DATA IN THIS EXERCISE START

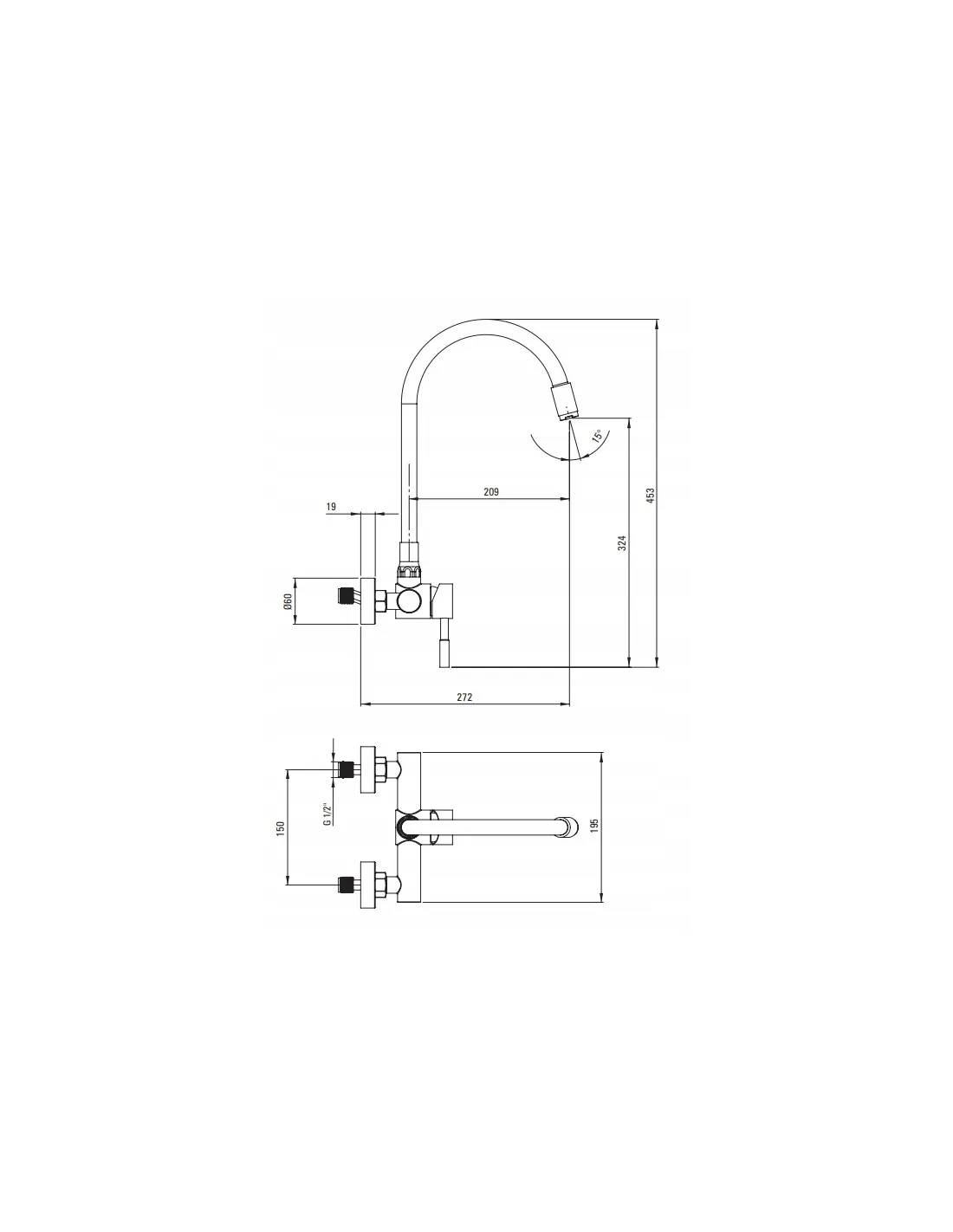 Bateria kuchenna ścienna z giętą wylewką
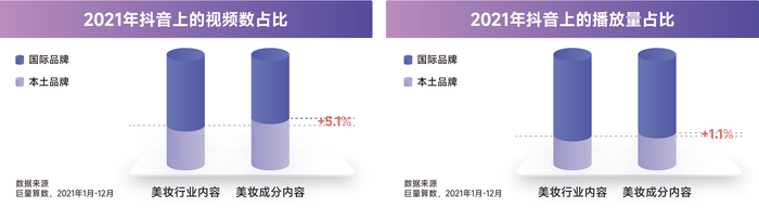 从抖音视频数占比结构看,本土品牌通过成分宣传产品的意愿更强,但从抖音播放量占比结构看,本土品牌在美妆行业内容和美妆成分内容中的占比几乎一致,说明相较于供给,用户对成分故事内容的消费虽也有增长,但潜力仍待释放。如何讲好成分故事,是本土品牌仍需补足的功课。
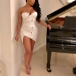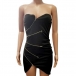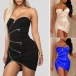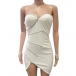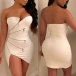 Axelbandslös modell, med en figurnära silhuett och en oregelbunden fåll, kan den här klänningen enkelt skissa upp
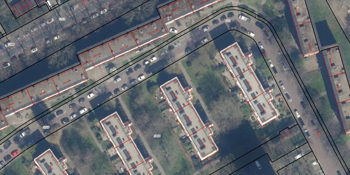 Het perceel waarop het adres ligt is GVH34-AS-1844. De afkorting 'GVH34' staat voor kadastrale gemeente 's-Gravenhage. De oppervlakte van het perceel is 1,2 ha. Dat is groter dan gemiddeld in 's-Gravenhage, waar de gemiddelde perceeloppervlakte op 1318,64 m² ligt. De grootste perceeloppervlakte in de kadastrale gemeente is 11,0 ha. De kleinste oppervlakte bedraagt 0 m². Op het perceel zijn 110 adressen aanwezig. De laatste wijziging in het de Basisregistratie Kadaster (BRK) was op 03-11-2003.
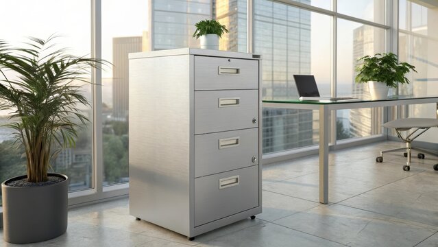 Sleek Aluminum Filing Cabinet Enhancing Modern Office Interior
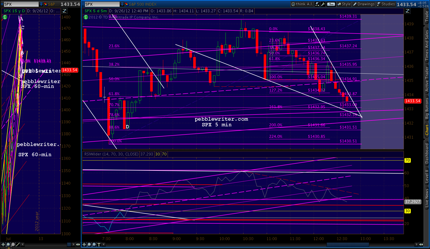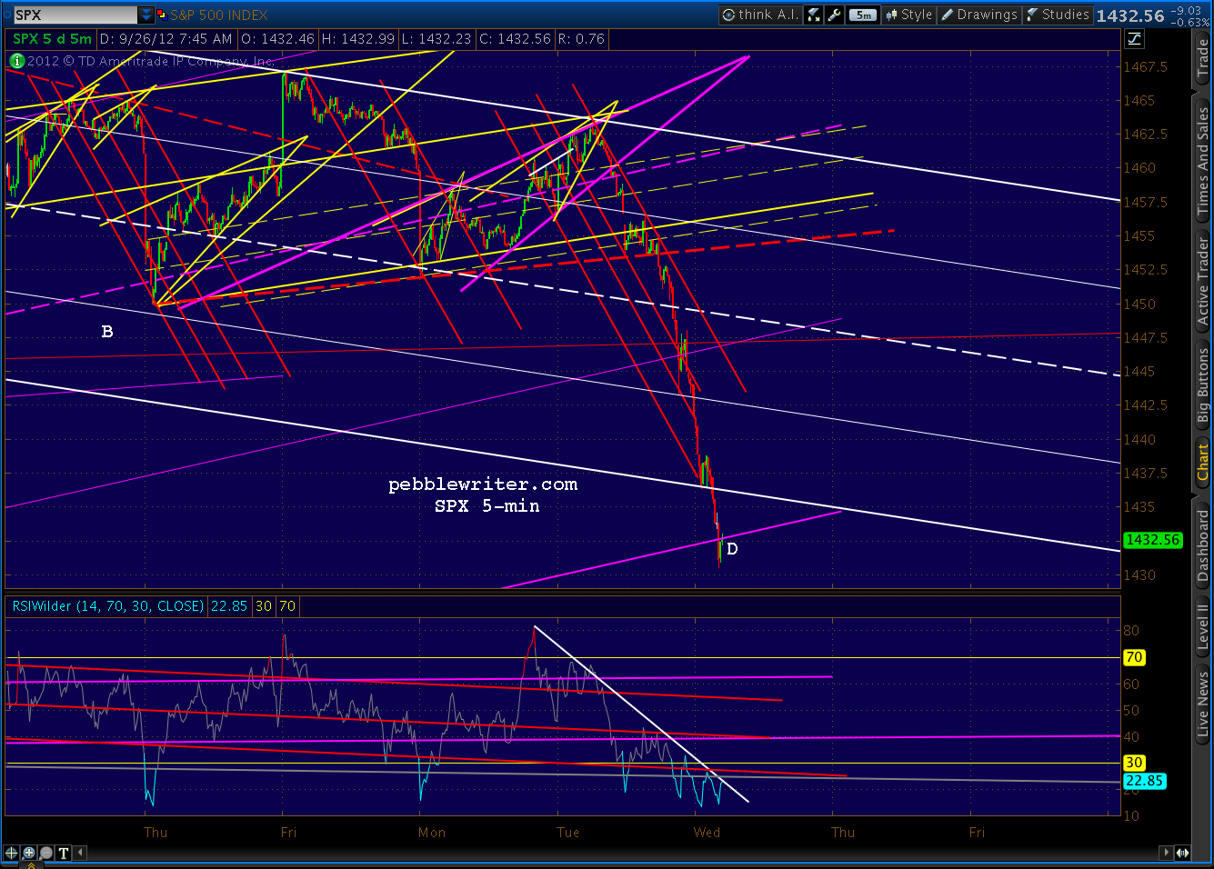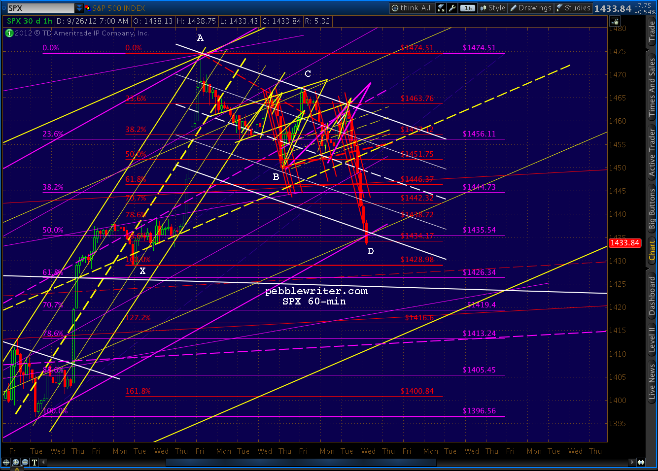 I’m inclined to give my stop a little more leeway, as the 1429 – 1474 .886 is just below at 1434.17. If we don’t arrest by 1430, however, I’m pulling the plug on the longs. At that point, the purple channel has probably failed and we’re not going to bounce until 1412.

DATA IN THIS EXERCISE END

### TO DO
The records above are to be repeated exactly, with every picture removed from the copy.

### YOUR SOLUTION
 Bateria kuchenna ścienna z giętą wylewką
 从抖音视频数占比结构看,本土品牌通过成分宣传产品的意愿更强,但从抖音播放量占比结构看,本土品牌在美妆行业内容和美妆成分内容中的占比几乎一致,说明相较于供给,用户对成分故事内容的消费虽也有增长,但潜力仍待释放。如何讲好成分故事,是本土品牌仍需补足的功课。
 Axelbandslös modell, med en figurnära silhuett och en oregelbunden fåll, kan den här klänningen enkelt skissa upp
 Het perceel waarop het adres ligt is GVH34-AS-1844. De afkorting 'GVH34' staat voor kadastrale gemeente 's-Gravenhage. De oppervlakte van het perceel is 1,2 ha. Dat is groter dan gemiddeld in 's-Gravenhage, waar de gemiddelde perceeloppervlakte op 1318,64 m² ligt. De grootste perceeloppervlakte in de kadastrale gemeente is 11,0 ha. De kleinste oppervlakte bedraagt 0 m². Op het perceel zijn 110 adressen aanwezig. De laatste wijziging in het de Basisregistratie Kadaster (BRK) was op 03-11-2003.
 Sleek Aluminum Filing Cabinet Enhancing Modern Office Interior
 I’m inclined to give my stop a little more leeway, as the 1429 – 1474 .886 is just below at 1434.17. If we don’t arrest by 1430, however, I’m pulling the plug on the longs. At that point, the purple channel has probably failed and we’re not going to bounce until 1412.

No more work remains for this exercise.